It requires multiple steps in my mind which beyond my xslt knowledge. So thank very much for pointing me the direction!


George Meng

__________________
George Meng

Do you want to use XSLT 2.0 or 1.0?

--
  Martin Honnen
  Microsoft MVP - XML

Hi Martin,

I render all XSLT via Coldfusion 8, I think it only support XSLT 1.0

Thanks very much!

George Meng

>I hope you all had a wonderful holidays!

I have to tell you something you may find surprising - we are not all Americans.

Are you using XSLT 1.0 or 2.0? This one (like so many others...) is easier with 2.0 because you can put a sorted sequence in a variable.

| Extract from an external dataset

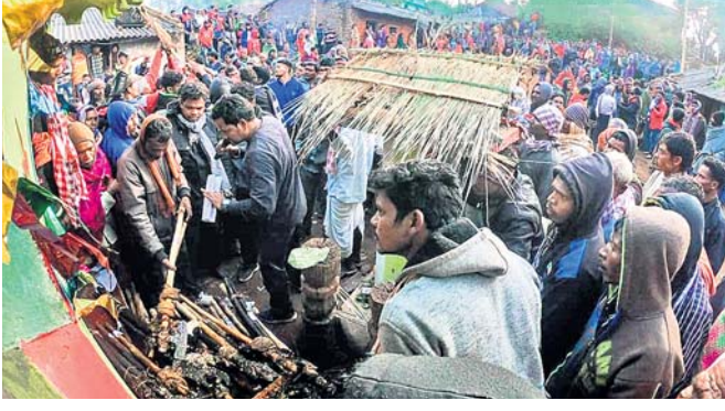
ଚୋକିମରା ପର୍ବରେ ଲୋକଙ୍କ ଭିଡ଼।

Like this:

<xsl:variable name="sorted-rows" as="element(row)*">
  <xsl:perform-sort select="row">
    <xsl:sort select="xs:integer(data02)"/>
  </xsl:perform-sort>
</xsl:variable>

<row data="ALL OTHERS" data02="sum($sorted-rows[position() gt 9])"/>
<xsl:copy-of select="reverse($sorted-rows[position() le 9])"/>

Michael Kay
http://www.saxonica.com/
Author, XSLT 2.0 and XPath 2.0 Programmer's Reference

Here is an XSLT 2.0 solution, I don't have time now for an XSLT 1.0 solution:
If you still need and XSLT 1.0 solution or need help converting the XSLT 2.0 solution to an XSLT 1.0 solution then let us know whether your XSLT 1.0 processor supports an extension function to convert a result tree fragment to a node-set (like the EXSLT node-set function).

--
  Martin Honnen
  Microsoft MVP - XML

Hi Martin and Michael,

I tested again, Coldfusion 8 XSLT engine only support XSLT 1.

As a developer, I can understand the Martin's code, but have no idea how to convert it to XLST 1.0.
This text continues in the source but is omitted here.